IGI Securities Limited – Commodity News

Karachi, March 14, 2019 (PPI-OT): Gold

Technical

Gold prices moved higher today pushing through resistance which is now support seen near the 50-day moving average at 1,303. Additional support is seen near the 10-day moving average at 1,295. Resistance is seen near a downward sloping trend line that connects the highs in April of 2018 to the highs in February of 2019 and comes in near 1,345. In the short term, Gold will continue to try to climb from here, as long as it can stay above the $1300 level. There is a significant support level underneath at the $1280 level, an area that had been supportive in the past. At the longer-term, there is a significant support level at the $1200 level, with the $1400 level being massive resistance. Ultimately, it can make a new high then it will go looking towards the $1400 level.

Highlights

Gold rose to a near two-week peak yesterday, holding above the key $1,300

Metals technically have more upside to go just on rising geopolitical uncertainty

Investors are buying into the fact that they are expecting a very dovish U.S Fed announcement

The precious metal has breached the $1,300 threshold represents a positive signal, opening space for further gains

April gold futures last traded at $1,307.40 an ounce, up 0.71% on the day

Fundamentals

Gold hit nearly a two-week high yesterday as tepid U.S economic data reinforced views the Federal Reserve would be patient on monetary policy, with bullion’s appeal also bolstered by uncertainty over a Brexit deal ahead of a key vote.

The gold market is seeing little reaction to the data but continues to hold recent gains. Spot gold gained 0.5 percent to $1,308.83 per ounce, its highest level since March 1. U.S gold futures settled 0.9 percent higher at $1,309.3 per ounce.

The U.S PPI numbers came weaker-than-expected. This, coupled with the Brexit news, is helping gold.

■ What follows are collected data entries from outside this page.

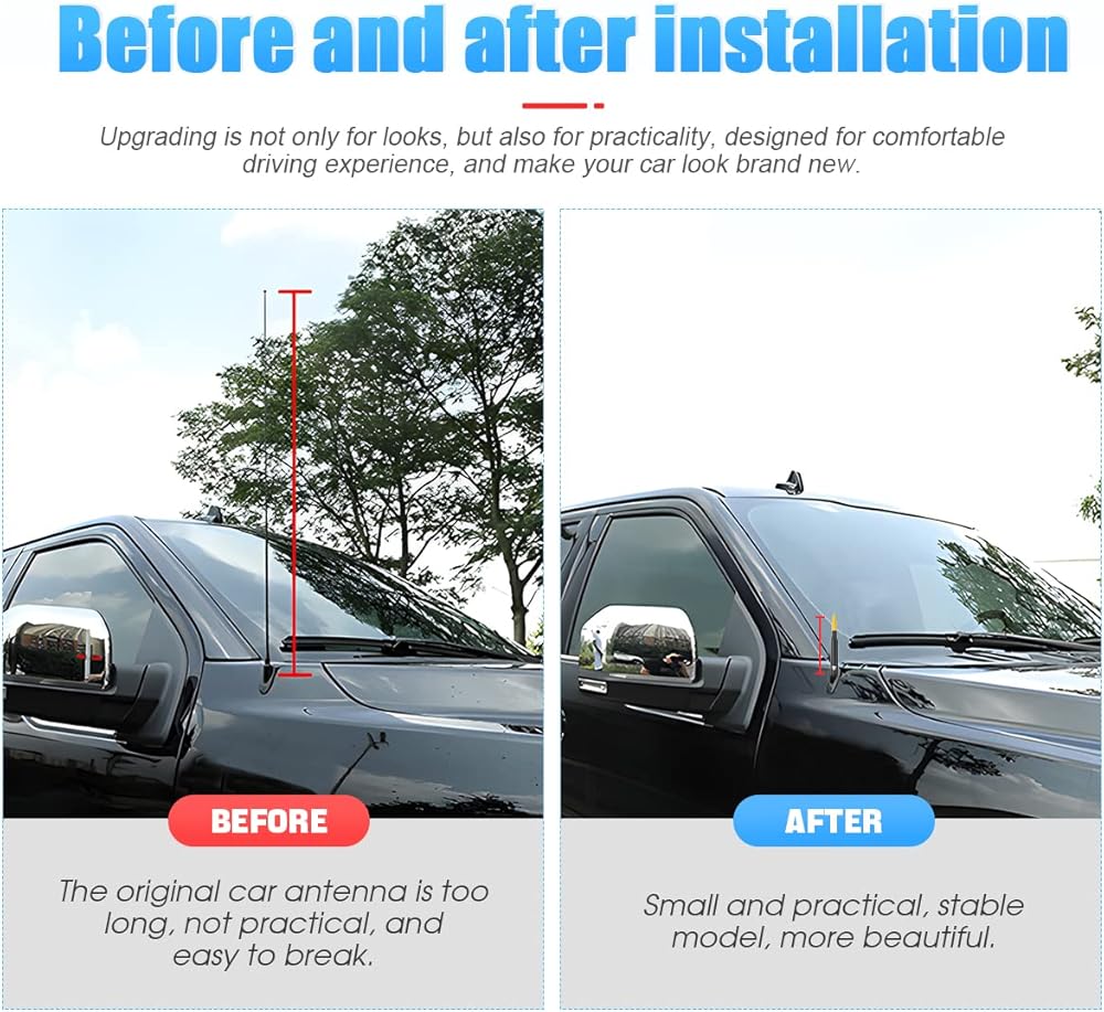 【Easy to Install】: This stereo bullet antenna is easy to put on, it only takes you a few minutes to complete the installation. First, unscrew the old antenna from the vehicle, then select the right size screw for your automobile and the last step is to screw the new one on. It's so simple that you can do it on your own, without additional tools.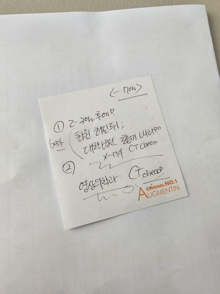 다음 날, 대전에서 큰 병원 여러 군데 전화를 해봤지만 바로 진료를 볼 수 있는 데는 없었고, 자생한방병원과 같은 건물을 쓰는 이비인후과·소아과에서 코로나 검사를 하며 겸사겸사 폐에 있는 이상 소견을 여쭈어보았다.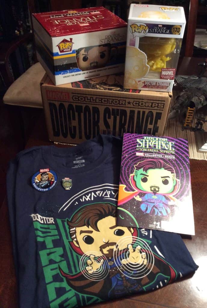 This is November 2016 Magical theme crate. Inside this box is Doctor Strange Q-Fig, (note: not all boxes come with Q-figs) Fantastic Beast tee shirt, Game of Thrones journal and Big Trouble in Little China Comic. (Photo from lootcrate.com).

Domestic producer prices in the United States rose 1.9 percent on a year-over-year basis in February, the smallest annual increase since June 2017.

Tepid inflation and disappointing producer price data this week support the Fed’s stance of keeping interest rates on hold, denting the dollar and lifting demand for non-interest-yielding gold.

Gold breached the psychologically significant $1,300 level on Tuesday, helped by a weaker dollar, with demand for the U.S currency taking a hit after softer-than-expected U.S February inflation data and falling government bond yields.

On the technical front, gold is now heading towards the next potential resistance around $1313, a former support level. However, if the $1,300 support level gives away again, it could see a more significant sell-off this time around.

Concerns over slowing global economic growth were also bolstering appeal for gold, considered a safe store of value during economic or political uncertainties.